Task goal |
The copy should hold exactly the lines below from the one that contains "A vibrant electric" through the one that contains "Distribution of the" and nothing else, so no pictures.

(Collection entries)
+++++
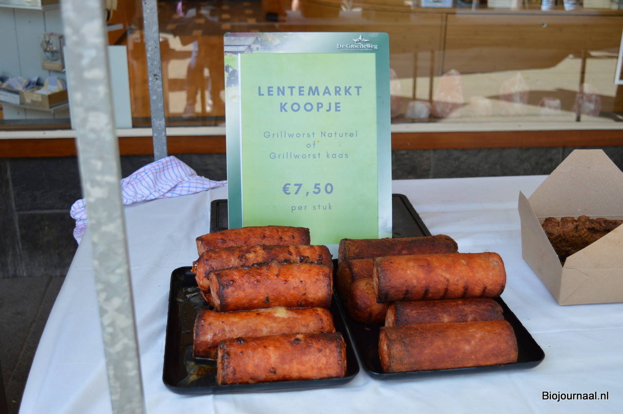 Een Lentemarkt koopje: biologische grillworst in twee varianten.
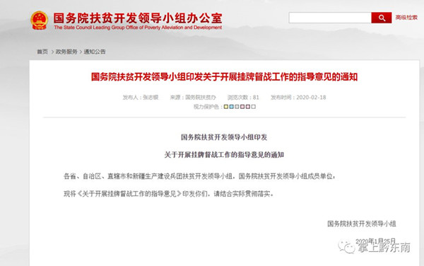 (三)各相關縣按照省區統一部署組織對掛牌村進行督戰。集中優勢兵力,統籌整合資源,強化支持幫扶,確保貧困村按期出列、貧困人口全部脫貧。
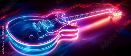 A vibrant electric guitar illuminated with colorful neon lights, showcasing a dynamic blend of art and music in a dark setting.
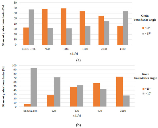 Distribution of the share of low and high angles for the 316L steel samples subjected to dynamic plastic deformation: (a) manufactured with the LENS method; (b) manufactured with the hot forging method.
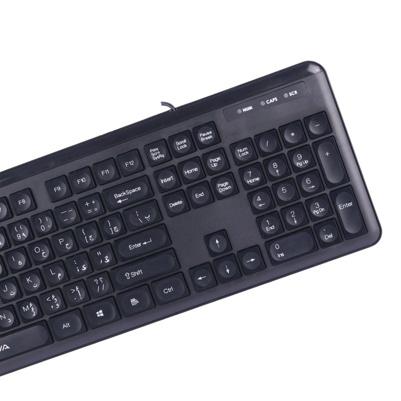 دارای 104 کلید فیزیکی با حروف حک شده فارسی، طراحی شده به صورت ارگونومیک با قابلیت استفاده از هر دو دست
+++++
Exercise response |
 A vibrant electric guitar illuminated with colorful neon lights, showcasing a dynamic blend of art and music in a dark setting.
 Distribution of the share of low and high angles for the 316L steel samples subjected to dynamic plastic deformation: (a) manufactured with the LENS method; (b) manufactured with the hot forging method.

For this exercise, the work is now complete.